I mentioned that this document is generated and of course we can fix it in the generator. So from my perspective everything is OK when I know the cause :)

However I guess the discussion here is relevant. The best solution would be to perform deep validation of format of all files against specifications and to show message if any file does not follow specification - with option to open document with potential data loosing. Also I see space here for independent tool that would may correct such documents (out of he scope of the LO itself).

But I understand that the check are time consuming and a lot of work. So probably current "solution" (to ignore it) is acceptable. Especially in case when word itself can't create such kind of error.
Comment 13 Timur 2020-07-18 10:04:40 UTC
(In reply to Radomir Terber from comment #12)
> I mentioned that this document is generated and of course we can fix it in
> the generator. 
Are you saying it's some internal software of your company, not of the shelf?

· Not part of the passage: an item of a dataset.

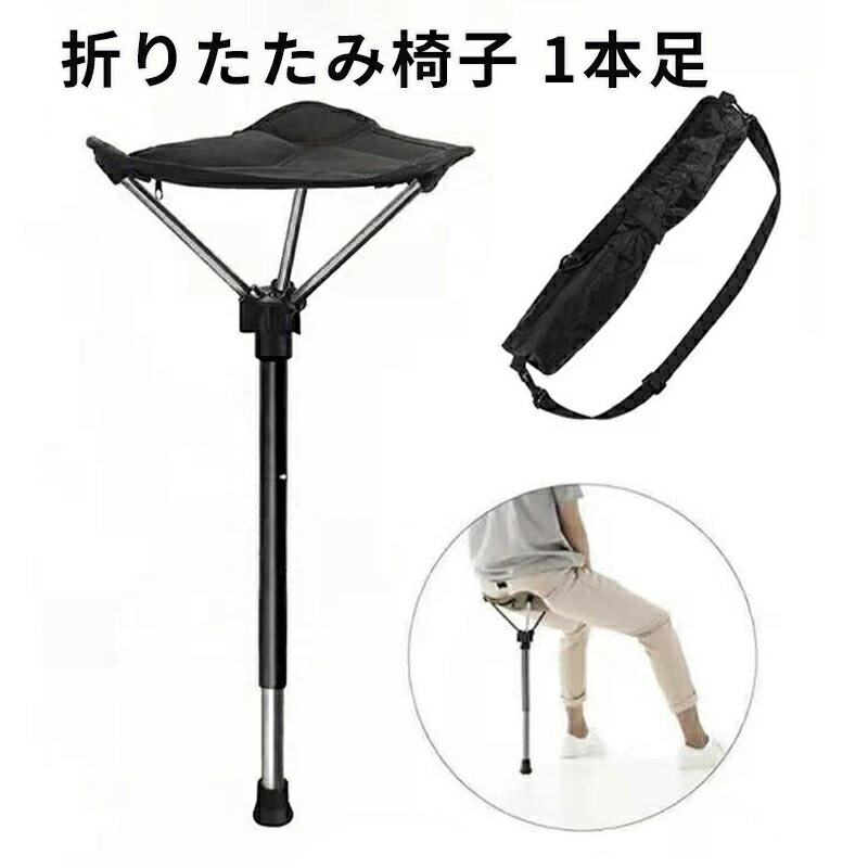 アウトドアチェア ポータブル折りたたみ椅子立ったまま 座れる椅子 ステッキチェア モバイルチェア キャンプチェア 片足アウトドアチェア 伸縮式アウトドアチェア 4段階の高さ調節 超軽量 収納バッグ付き 持ち運び簡単 待ち行列/駅/コンサート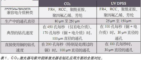 未來趨勢:半導體泵浦固體紫外激光器也用于鉆微孔。這些激光器的短波長和高光束質量可提供更小的聚焦尺度。相對于CO2激光器(能產生100 m大小范圍內的大多數微孔),小的焦點以及紫外固體激光器較低的平均功率(與CO2相比)使得紫外固體激光器處于不利地位。然而,隨著設備小型化的趨勢仍在繼續,以及對于較小的微孔的需求增加,這些激光器的應用將會擴大。表1提供了CO2激光器與紫外固體激光器在該應用方面的全面對比。

This looks like NotOurBug do far.
Comment 14 Radomir Terber 2020-07-18 10:36:20 UTC
This is a template engine crated by one of our suppliers. Even if I looked onto generated files, it looked formally OK. I donť know OOXML (and have no time to study it), so I supposed that if Word opens the document correctly, it could be issue of LO. I had no idea that Word opens incorrect document without any message, warning or so
Comment 15 Mike Kaganski 2020-07-18 12:33:28 UTC
(In reply to Radomir Terber from comment #12)
> However I guess the discussion here is relevant. The best solution would be
> to perform deep validation of format of all files against specifications and
> to show message if any file does not follow specification - with option to
> open document with potential data loosing. Also I see space here for
> independent tool that would may correct such documents (out of he scope of
> the LO itself).

This is not a valid approach. There's no way to perform such a "deep validation" of format, because the format changes over time - current revision of ECMA-376 is 5th edition. We actually do perform the appropriate validation as we read the format; but apart from really invalid things like mismatching tags or duplicating attributes (that make invalid XML) which we actually must warn and reject or allow the risk of further processing, everything unexpected from the OOXML PoV we must silently ignore, not stop and warn. So that if anything is unexpected in the format, we accept that as possibly unknown extension, and properly *ignore*. Doing otherwise is wrong conceptually. And that's an obvious bug to not ignore that, but accept as a *different* element/placement/syntax (I look at you Word :-D).
Comment 16 Timur 2021-03-06 16:07:05 UTC
Created attachment 170273 [details]
The sample file resaved in MSO opens OK
Comment 17 NISZ LibreOffice Team 2021-07-21 13:23:17 UTC
attachment 163111 [details] was generated by...

<Application>LibreOffice/6.4.2.2$Windows_X86_64 LibreOffice_project/4e471d8c02c9c90f512f7f9ead8875b57fcb1ec3</Application>

But I'm unable to recreate the broken document with LO using the MSO-fixed attachment 170273 [details]
- In 7.3 master it roundtrips correctly
- in 6.4.0 release it also roundtrips correctly.